### Work item
Take the material below and restate it word for word, stopping after the line in which "Chaise Gabrielle en" occurs.

(Beginning of Supplied material)

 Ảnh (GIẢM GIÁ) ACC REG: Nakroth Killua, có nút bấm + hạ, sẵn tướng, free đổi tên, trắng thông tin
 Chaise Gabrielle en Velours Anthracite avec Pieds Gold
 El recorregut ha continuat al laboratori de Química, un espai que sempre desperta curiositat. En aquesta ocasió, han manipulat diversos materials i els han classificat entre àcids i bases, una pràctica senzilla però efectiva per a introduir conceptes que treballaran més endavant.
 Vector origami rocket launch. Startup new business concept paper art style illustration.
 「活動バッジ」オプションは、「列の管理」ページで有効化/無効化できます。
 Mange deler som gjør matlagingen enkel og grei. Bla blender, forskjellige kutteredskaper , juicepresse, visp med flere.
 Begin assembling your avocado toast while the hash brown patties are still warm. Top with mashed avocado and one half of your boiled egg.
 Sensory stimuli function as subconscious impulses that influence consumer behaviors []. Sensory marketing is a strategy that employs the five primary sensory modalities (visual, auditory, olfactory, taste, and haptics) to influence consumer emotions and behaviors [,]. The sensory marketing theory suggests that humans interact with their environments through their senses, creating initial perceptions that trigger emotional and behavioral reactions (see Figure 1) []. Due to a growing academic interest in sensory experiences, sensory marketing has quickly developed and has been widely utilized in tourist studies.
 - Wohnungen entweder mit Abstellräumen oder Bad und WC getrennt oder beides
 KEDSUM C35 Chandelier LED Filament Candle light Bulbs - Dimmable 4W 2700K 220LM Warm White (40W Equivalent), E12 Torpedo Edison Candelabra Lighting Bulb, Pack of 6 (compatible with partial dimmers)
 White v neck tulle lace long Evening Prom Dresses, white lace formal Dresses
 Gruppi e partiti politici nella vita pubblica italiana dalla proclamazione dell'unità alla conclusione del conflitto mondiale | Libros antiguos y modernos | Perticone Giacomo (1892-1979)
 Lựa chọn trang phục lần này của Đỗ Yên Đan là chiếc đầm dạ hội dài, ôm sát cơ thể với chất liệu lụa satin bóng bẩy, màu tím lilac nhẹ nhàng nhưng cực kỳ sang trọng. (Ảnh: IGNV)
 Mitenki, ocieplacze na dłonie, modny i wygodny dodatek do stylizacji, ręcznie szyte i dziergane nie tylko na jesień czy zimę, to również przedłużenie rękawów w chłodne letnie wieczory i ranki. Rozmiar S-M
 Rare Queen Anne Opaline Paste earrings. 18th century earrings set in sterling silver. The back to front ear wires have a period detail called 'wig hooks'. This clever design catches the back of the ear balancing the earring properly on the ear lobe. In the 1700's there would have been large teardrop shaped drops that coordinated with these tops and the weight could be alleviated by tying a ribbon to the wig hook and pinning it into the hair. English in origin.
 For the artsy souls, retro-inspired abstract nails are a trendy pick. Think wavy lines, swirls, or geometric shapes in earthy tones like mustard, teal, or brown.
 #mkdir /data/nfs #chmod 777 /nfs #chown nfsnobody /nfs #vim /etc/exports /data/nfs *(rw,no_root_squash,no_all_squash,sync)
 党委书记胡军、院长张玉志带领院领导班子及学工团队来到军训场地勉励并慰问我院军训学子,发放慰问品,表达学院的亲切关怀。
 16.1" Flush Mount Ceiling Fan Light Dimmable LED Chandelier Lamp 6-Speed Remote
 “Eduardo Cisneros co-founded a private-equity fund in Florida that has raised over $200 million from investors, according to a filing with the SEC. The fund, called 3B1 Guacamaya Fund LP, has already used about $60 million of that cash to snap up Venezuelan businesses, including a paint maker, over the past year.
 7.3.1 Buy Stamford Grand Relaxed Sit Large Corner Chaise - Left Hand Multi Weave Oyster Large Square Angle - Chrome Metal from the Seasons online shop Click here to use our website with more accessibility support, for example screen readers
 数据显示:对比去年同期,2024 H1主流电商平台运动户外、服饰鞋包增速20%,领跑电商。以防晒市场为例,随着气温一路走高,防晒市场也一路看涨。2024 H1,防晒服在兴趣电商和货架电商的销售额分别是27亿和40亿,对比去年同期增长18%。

(End of Supplied material)

### Result below
 Ảnh (GIẢM GIÁ) ACC REG: Nakroth Killua, có nút bấm + hạ, sẵn tướng, free đổi tên, trắng thông tin
 Chaise Gabrielle en Velours Anthracite avec Pieds Gold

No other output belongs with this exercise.